Below are records with pictures in them. Transcribe everything from the line containing "The pulpit was once" down to the line containing "На левом фото", exactly, and leave the pictures behind.

**Exercise material**
..............................

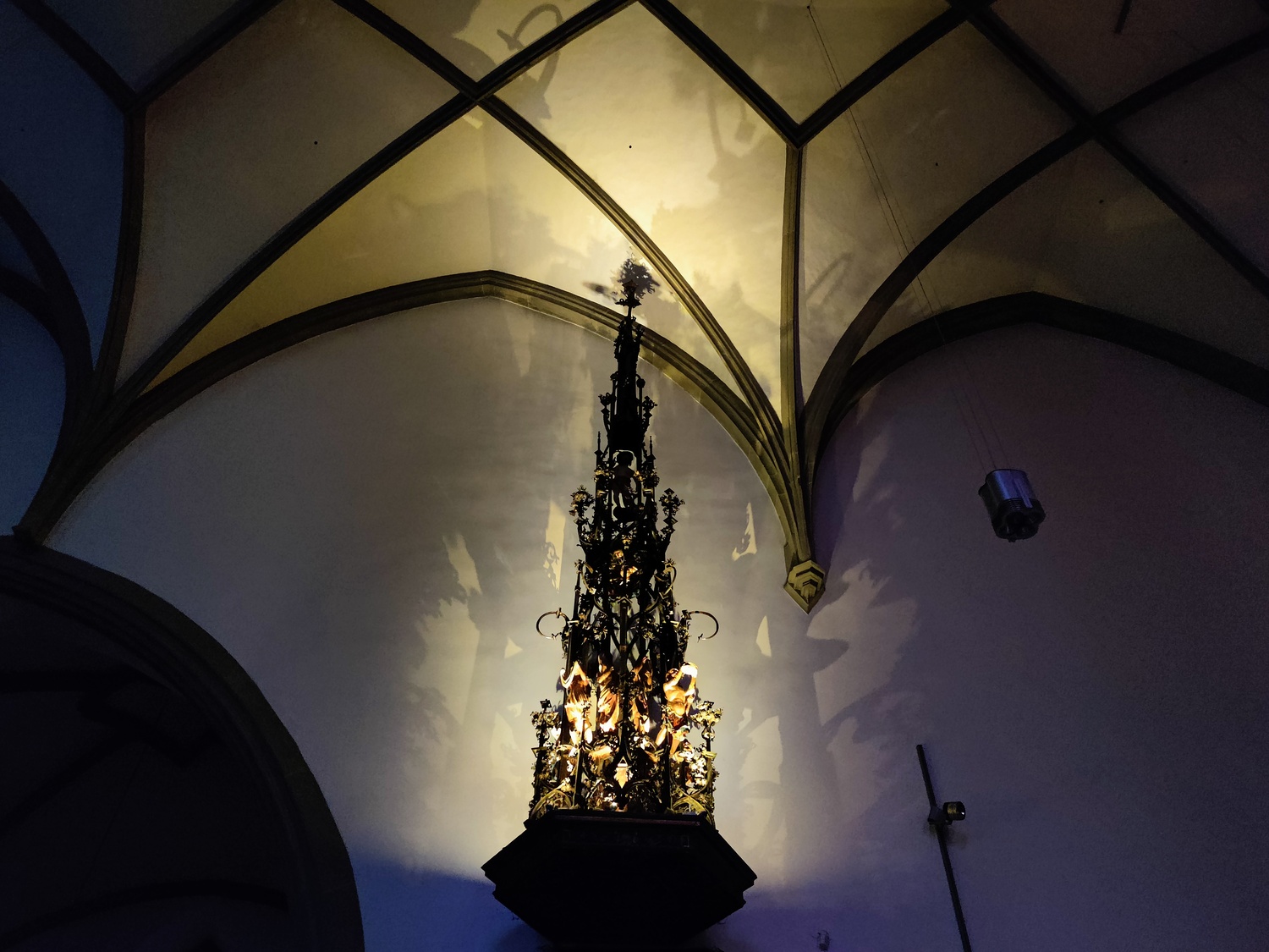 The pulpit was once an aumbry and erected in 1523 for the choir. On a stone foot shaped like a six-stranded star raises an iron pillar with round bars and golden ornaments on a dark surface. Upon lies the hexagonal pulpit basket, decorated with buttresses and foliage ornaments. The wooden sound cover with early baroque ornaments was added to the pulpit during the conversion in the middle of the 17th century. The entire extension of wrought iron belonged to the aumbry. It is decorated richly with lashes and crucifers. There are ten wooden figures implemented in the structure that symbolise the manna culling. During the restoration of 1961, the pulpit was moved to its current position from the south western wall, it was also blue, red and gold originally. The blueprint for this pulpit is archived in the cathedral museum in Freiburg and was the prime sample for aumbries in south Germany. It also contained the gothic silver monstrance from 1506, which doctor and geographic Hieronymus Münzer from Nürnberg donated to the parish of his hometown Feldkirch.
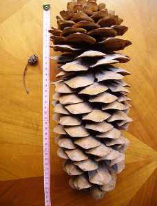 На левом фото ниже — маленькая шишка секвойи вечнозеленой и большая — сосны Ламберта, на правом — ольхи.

..............................

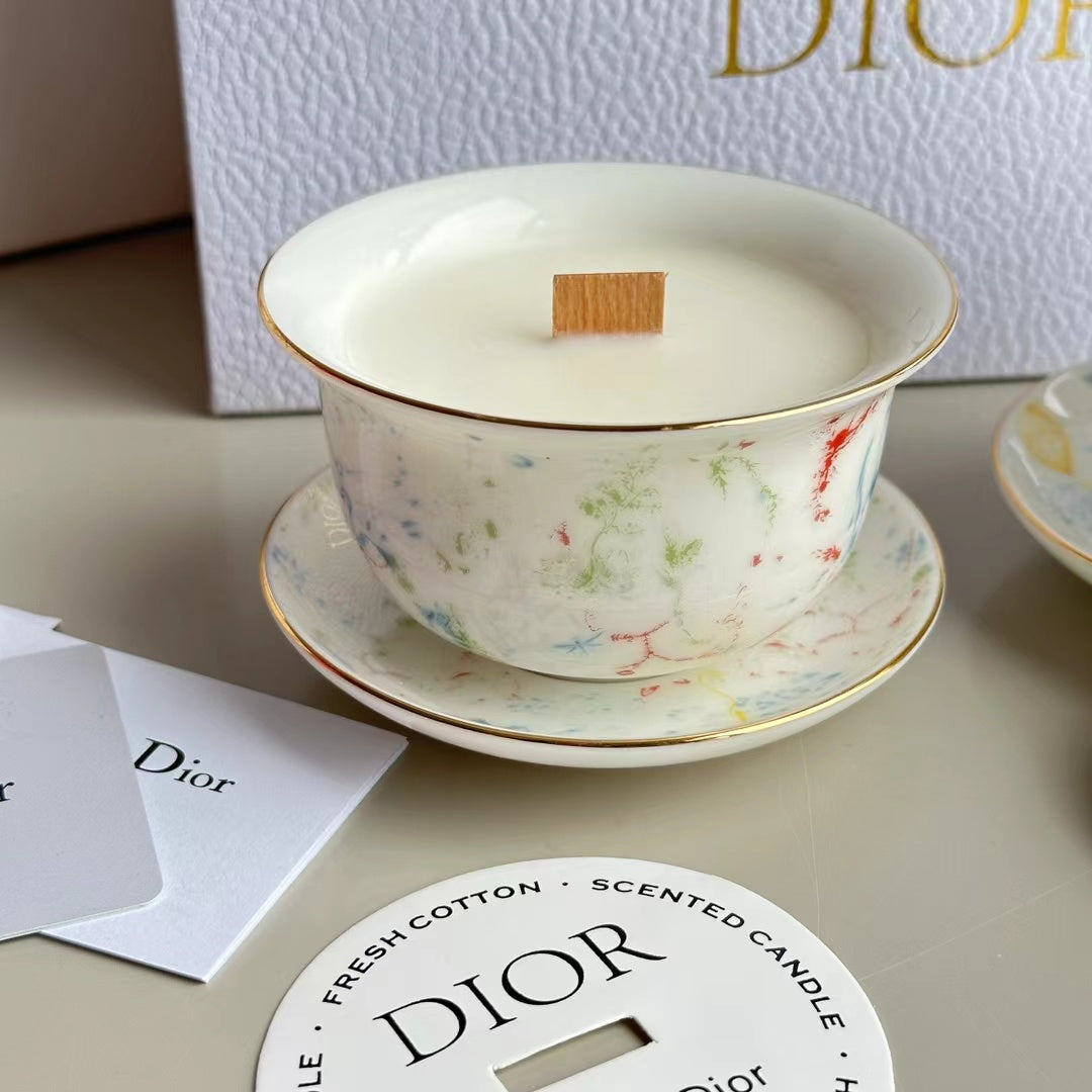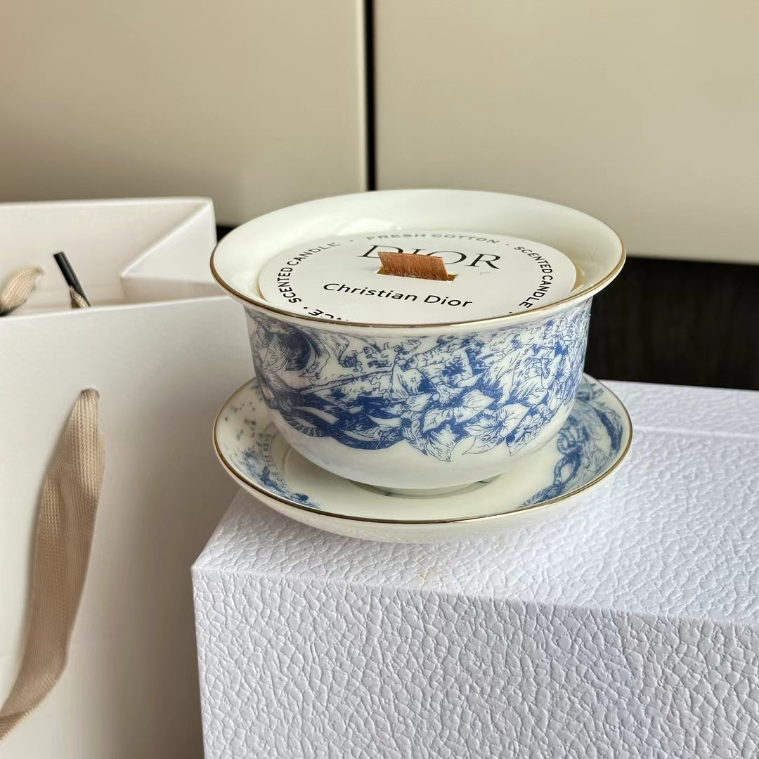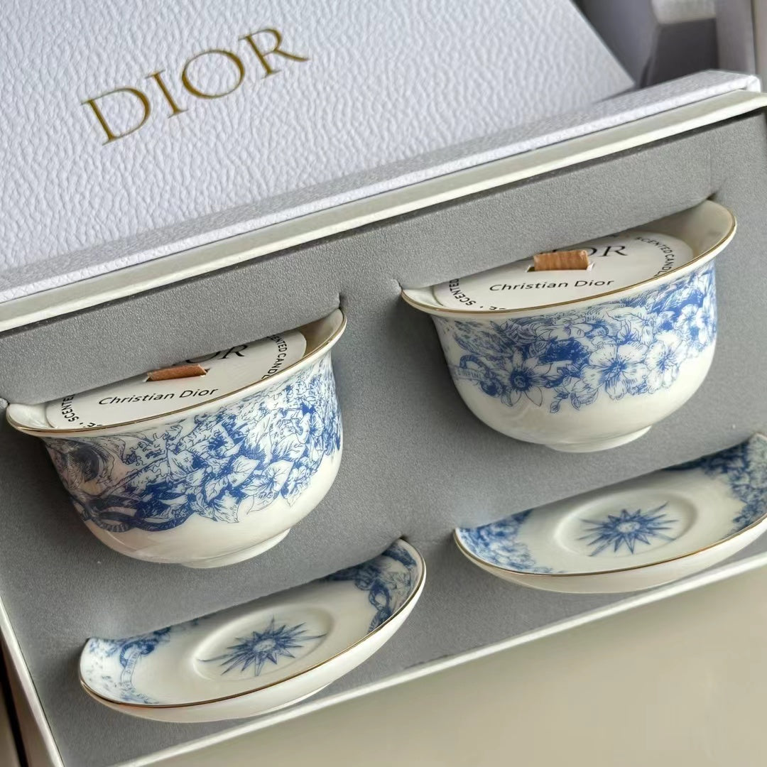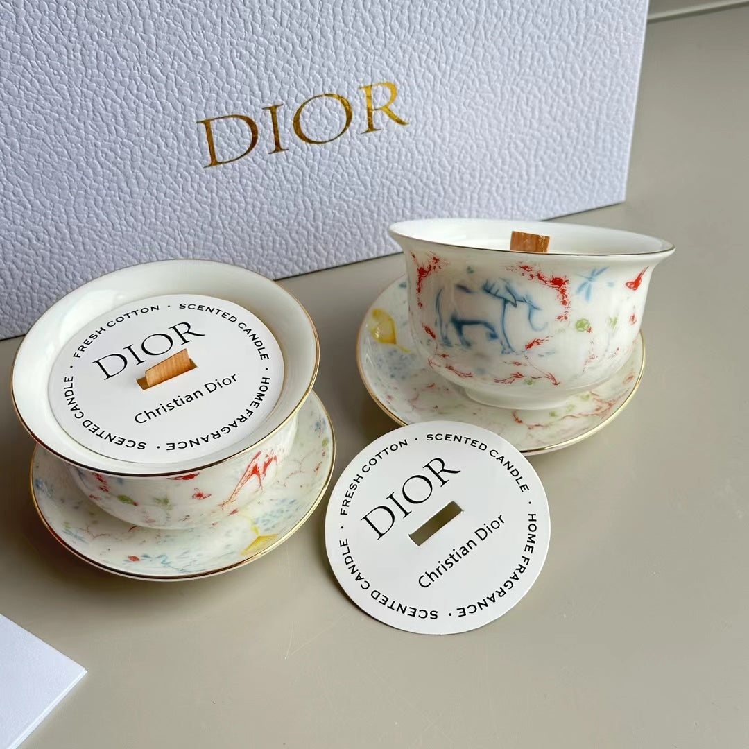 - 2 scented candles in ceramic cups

..............................

**Solution to this exercise**
 The pulpit was once an aumbry and erected in 1523 for the choir. On a stone foot shaped like a six-stranded star raises an iron pillar with round bars and golden ornaments on a dark surface. Upon lies the hexagonal pulpit basket, decorated with buttresses and foliage ornaments. The wooden sound cover with early baroque ornaments was added to the pulpit during the conversion in the middle of the 17th century. The entire extension of wrought iron belonged to the aumbry. It is decorated richly with lashes and crucifers. There are ten wooden figures implemented in the structure that symbolise the manna culling. During the restoration of 1961, the pulpit was moved to its current position from the south western wall, it was also blue, red and gold originally. The blueprint for this pulpit is archived in the cathedral museum in Freiburg and was the prime sample for aumbries in south Germany. It also contained the gothic silver monstrance from 1506, which doctor and geographic Hieronymus Münzer from Nürnberg donated to the parish of his hometown Feldkirch.
 На левом фото ниже — маленькая шишка секвойи вечнозеленой и большая — сосны Ламберта, на правом — ольхи.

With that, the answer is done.